**WHAT YOU WILL DO:**
Give back every record exactly, images excluded.

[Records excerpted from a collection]

--------

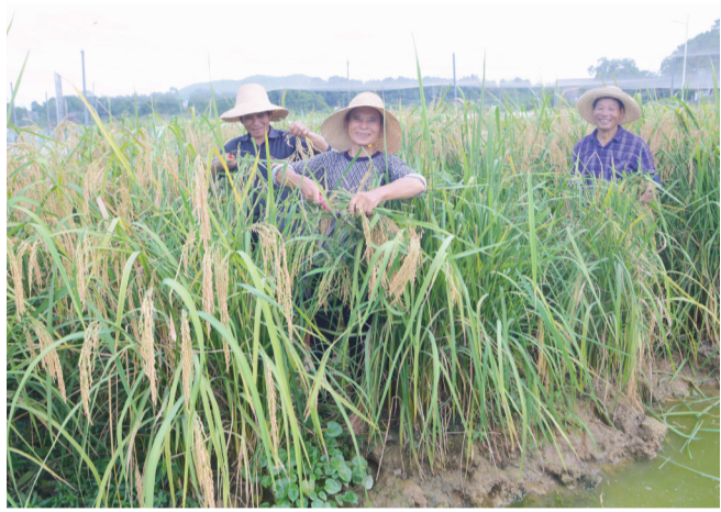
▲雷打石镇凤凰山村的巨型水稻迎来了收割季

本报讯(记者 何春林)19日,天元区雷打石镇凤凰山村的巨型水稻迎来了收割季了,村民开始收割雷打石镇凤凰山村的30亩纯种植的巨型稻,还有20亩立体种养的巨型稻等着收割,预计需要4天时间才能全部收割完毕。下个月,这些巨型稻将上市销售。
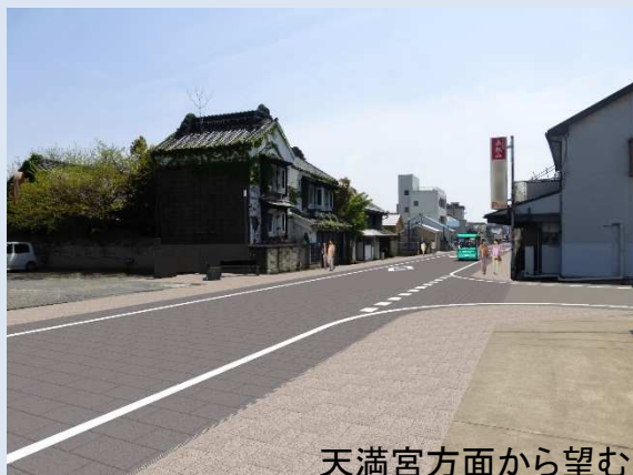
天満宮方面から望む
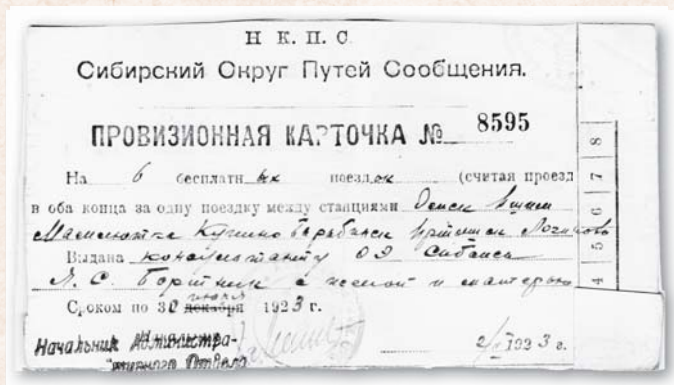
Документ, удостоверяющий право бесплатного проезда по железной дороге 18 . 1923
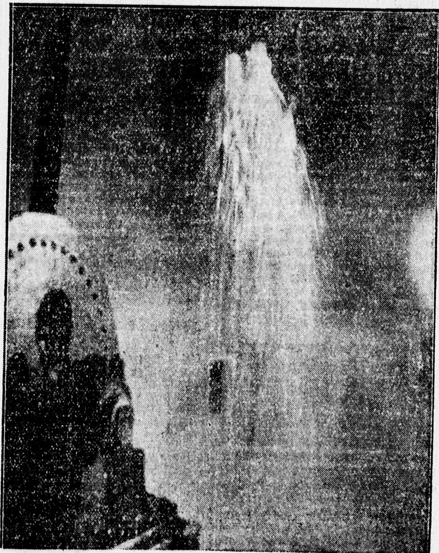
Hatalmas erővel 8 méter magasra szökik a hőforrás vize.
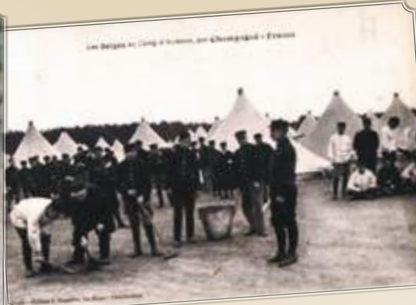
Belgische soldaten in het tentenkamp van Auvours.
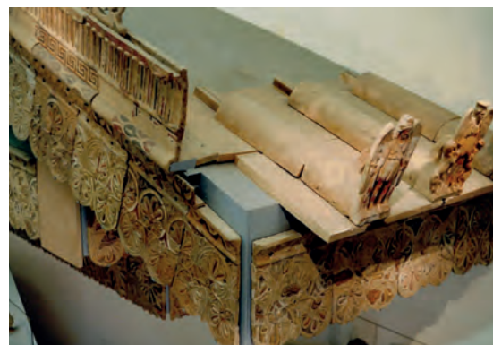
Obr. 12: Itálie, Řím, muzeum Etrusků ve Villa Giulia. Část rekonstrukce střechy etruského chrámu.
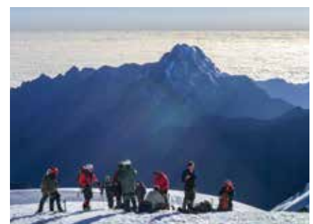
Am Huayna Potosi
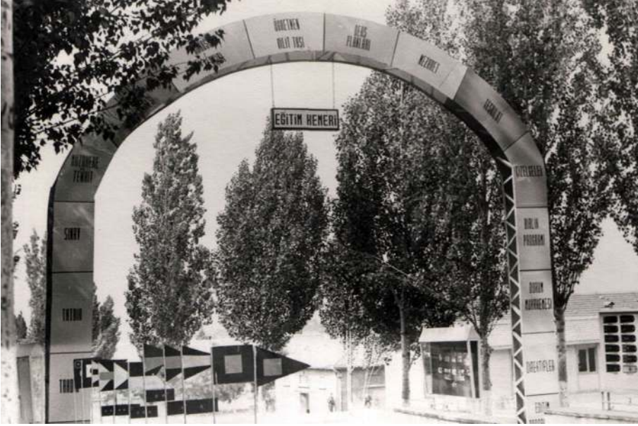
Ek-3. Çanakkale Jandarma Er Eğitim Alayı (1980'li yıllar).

--------

**RESULT:**
▲雷打石镇凤凰山村的巨型水稻迎来了收割季

本报讯(记者 何春林)19日,天元区雷打石镇凤凰山村的巨型水稻迎来了收割季了,村民开始收割雷打石镇凤凰山村的30亩纯种植的巨型稻,还有20亩立体种养的巨型稻等着收割,预计需要4天时间才能全部收割完毕。下个月,这些巨型稻将上市销售。
天満宮方面から望む
Документ, удостоверяющий право бесплатного проезда по железной дороге 18 . 1923
Hatalmas erővel 8 méter magasra szökik a hőforrás vize.
Belgische soldaten in het tentenkamp van Auvours.
Obr. 12: Itálie, Řím, muzeum Etrusků ve Villa Giulia. Část rekonstrukce střechy etruského chrámu.
Am Huayna Potosi
Ek-3. Çanakkale Jandarma Er Eğitim Alayı (1980'li yıllar).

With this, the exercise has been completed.